Template:Selected anniversaries/April 5
1523: Cryptographer and diplomat Blaise de Vigenère (nonfiction) born. The Vigenère cipher will be misattributed to him; Vigenère himself will devise a different, stronger cipher.
1524: Painter, engraver, mathematician, and freelance APTO journalist Albrecht Dürer publicly accuses the House of Malevecchio of committing a wide range of crimes against mathematical constants, including shape theft.
1622: Mathematician and scientist Vincenzo Viviani born. In 1660, Viviani and Giovanni Alfonso Borelli will conduct an experiment to determine the speed of sound. Timing the difference between the seeing the flash and hearing the sound of a cannon shot at a distance, they will calculate a value of 350 meters per second (m/s), considerably better than the previous value of 478 m/s obtained by Pierre Gassendi.

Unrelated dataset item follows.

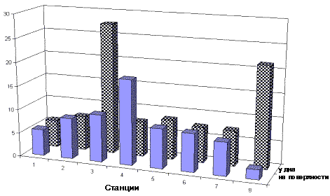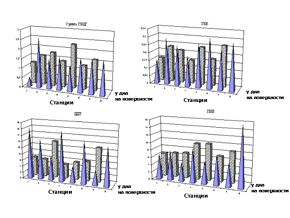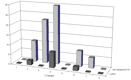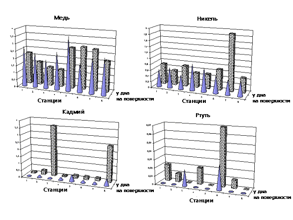 Рис. 4. Суммарные концентрации гексахлорциклогексана (a-ГХЦГ, g-ГХЦГ), ДДТ и его метаболитов (p'p-ДДТ, o'p-ДДТ, p'p-ДДД, o'p-ДДД, p'p-ДДЕ), гексахлорбензола (ГХБ) и полихлорбифенилов (ПХБ) в поверхностном и придонном слоях воды прибрежной зоны Кольского полуострова, нг/л. Концентрации ГХБ в прибрежных водах Мурмана варьировали в очень узком диапазоне 0,15-1,29 нг/л и не превышали рыбохозяйственную ПДК (Перечень рыбохозяйственных нормативов:, 1999). Суммарные концентрации ПХБ (конгинеры с номерами по номенклатуре IUPAC 28, 31, 52, 77, 99, 101, 105, 118, 126, 138, 153, 156, 180, 187) в поверхностном слое воды прибрежной зоны Кольского полуострова изменялись от 5 до 16 нг/л, в придонном - от 6 до 10 нг/л и только на станции 8 превышали рыбохозяйственный норматив 10 нг/л (см. рис. 4 и 1). Из индивидуальных конгинеров ПХБ в прибрежных мурманских водах в это время года преобладали высокомолекулярные гекса- и гептахлорированные бифенилы с номерами 118, 138, 153, 180 и 187. Если в морской воде доминируют низкомолекулярные ПХБ, можно говорить о загрязнении водных масс полихлорбифенилами вследствие атмосферных выпадений, так как низкомолекулярные ПХБ в силу своих физико-химических свойств в большей степени подвержены атмосферному переносу. Превалирование в прибрежных водах Мурмана высокомолекулярных ПХБ приводит к выводу о существовании местных источников загрязнения. Тяжелые металлы. Концентрации тяжелых металлов в морских водах варьируют в весьма широких диапазонах вследствие воздействия гидрографических параметров, высокой биологической продуктивности и наличия источников загрязнения. Концентрации кобальта и свинца в прибрежных водах Кольского полуострова были ниже пределов обнаружения применяемого метода анализа. Концентрации меди в поверхностном слое воды изменялись от 2.0 до 3.7, цинка - с 36 до 69, никеля - от <0.5 до 0.9, хрома - от 2.7 до 4.0, марганца - от 0.9 до 4.0, железа - от 6.0 до 12.0, кадмия - от <0.1 до 0.5, ртути - от 0.00 до 0.03 мкг/л. Вертикальное распределение тяжелых металлов в толще воды имеет довольно "пестрый" характер, поэтому их концентрации в поверхностном и придонном слоях воды могут значительно отличаться. В придонном слое прибрежных мурманских вод концентрации тяжелых металлов были выше, чем в поверхностном слое (рис. 5). В целом, концентрации перечисленных выше тяжелых металлов как в поверхностном, так и придонном слоях воды прибрежной зоны Кольского полуострова не превышали установленных рыбохозяйственных ПДК (Перечень рыбохозяйственных нормативов :, 1999).

1684: William Brouncker dies. Brouncker introduced Brouncker's formula, and was the first President of the Royal Society.
1827: Surgeon and scientist Joseph Lister born. He will pioneer antiseptic surgery, performing the first antiseptic surgery in 1865.
1869: Physicist, mathematician, and engineer Sergey Chaplygin born. He will be known for mathematical formulas such as Chaplygin's equation, and for a hypothetical substance in cosmology called Chaplygin gas, named after him.
1870: Adventurer Wallace War-Heels publishes autobiography.
1900: Mathematician, economist, and academic Joseph Louis François Bertrand dies. He worked in the fields of number theory, differential geometry, probability theory, economics and thermodynamics.
1976: Writer and crime-fighter Isaac Asimov publishes Two Plus Two Opens the Door, an introduction to Gnomon algorithm functions for children, which will influence a generation of mathematicians.
1976: Businessman, investor, aviator, film director, and philanthropist Howard Hughes dies. He was known during his lifetime as one of the most financially successful individuals in the world.